Lyla's aunts aren't like normal people, and her mama kept her away from them, telling her they were schizophrenics, murderers, hippies, criminals. She grew up with a white picket fence and a private school and a good Protestant household with her father's normal brown hair and brown eyes and she was always average to middling. "Perfectly normal Lyla," her mother would say, slanting a look at her husband, at the picture of Jesus over the mantle. "You're such a good girl."
And she was, except her mama didn't know how Aunt Mary, who was really Mariana d'Trench, Lady of the Forgetting Pebbles, left her a bit of flint under the roses by the school gates. Or how Aunt LeeAnne, who was really Lady of the Lee and Underhill, Last of the Fairy-Folk, took her out the window to watch the teind be paid by a heroin-addicted rockstar who played Spanish guitar all the way to his grave. Or, how her Aunt Bo, who was simply the Bonemother, brought her the finger bones from a convict and told her to break them if she ever had great need.
So. Lyla is perfectly normal, just like mama always wanted, except when she turned sixteen and her perfectly brown eyes turned the shade of molten emerald glass and shifting oceans. All the windows in the house broke at once when her mother screamed, and her father's hair went grey (and then white the next day, before it all fell out). After that, it was hard to keep her grades from either pure Fs or straight As, and she had a habit of breaking hearts without trying.
After John Ringel broke his leg trying to throw himself off a bridge, mama had to be put on Prozac. When Lyla's hair all fell out one night and came back purest midnight the next morning, mama had to be put away in the psych ward in a room without windows.
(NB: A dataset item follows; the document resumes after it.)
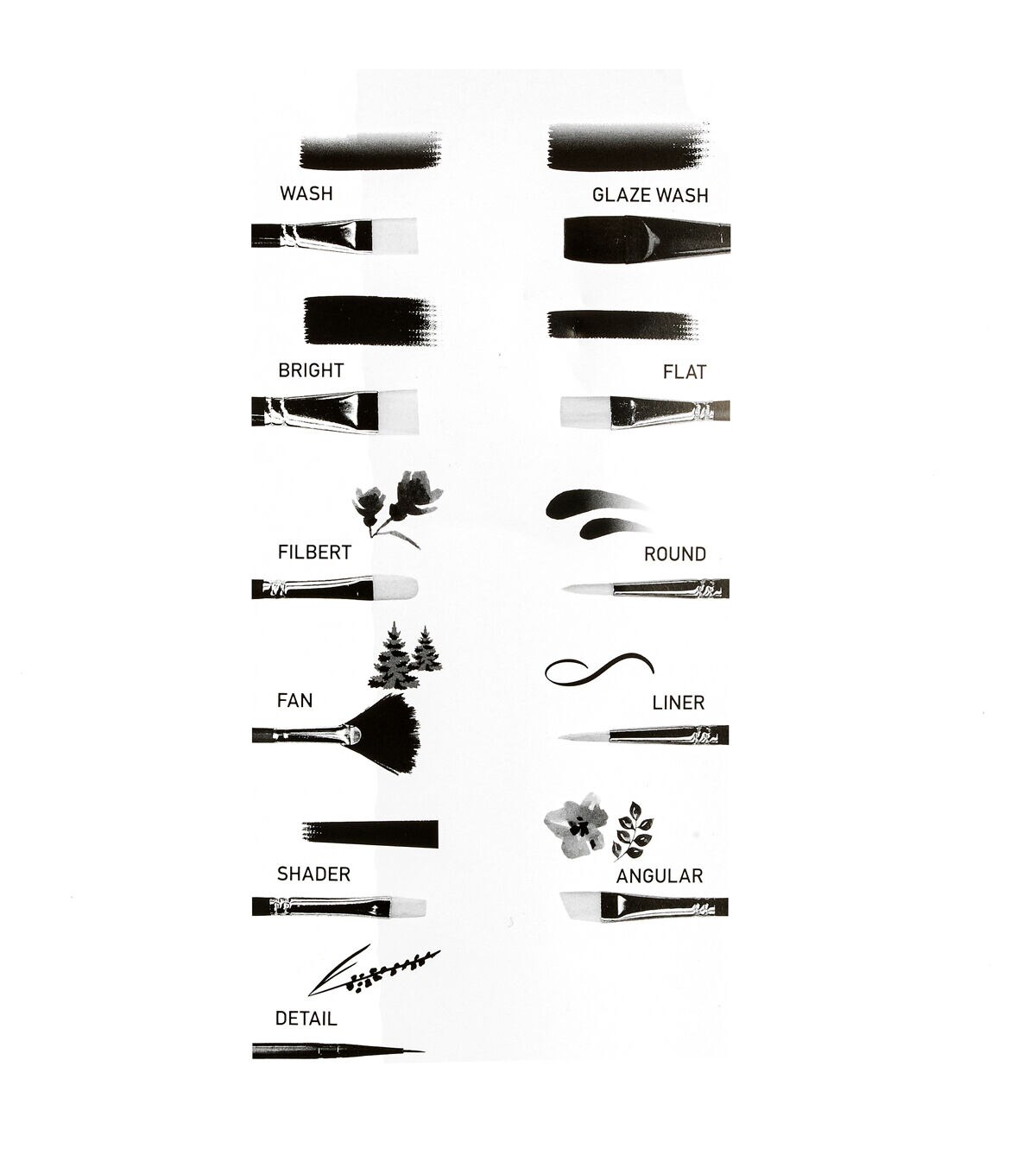 An assortment of brush shapes make these brush sets ideal for beginning artists.

Lyla goes away to college and studies poetry and classical literature and takes a care not to sleep with any of the masses of men who leave bouquets at her door. She wears goth makeup and rebels, cutting all her hair off each morning. (It comes back in waves of midnight by dusk.) Dogs are afraid of her. Women hate her. The male professors have a habit of taking a knee before her, chanting Shakespeare and Keats and begging her favor.
It's all terribly embarrassing when the Headmistress hands her a diploma after three semesters and quietly but firmly invites her to leave and never return.
But you can't get a job with a degree in poetry and literature for love or fairies, so Lyla waits tables at a high-end restaurant, collecting copious amounts of tips from heartbroken businessmen. She locks her doors to keep the villains away, and hangs a dreamcatcher full of the bones of nightmares on a nail above. She won't touch pomegranate seeds or fresh flowers for love or money. Each of the mirrors in her home are broken, the better to not be pulled through. She won't be immured in a high window, so she keeps a basement apartment where all the rats all wear livery and squeak in tune.
Some days, tired and worn, she fingers the thumb of the murderer in her left pocket, and thinks of snapping it and wishing for a normal life or for the fairies to come take her away.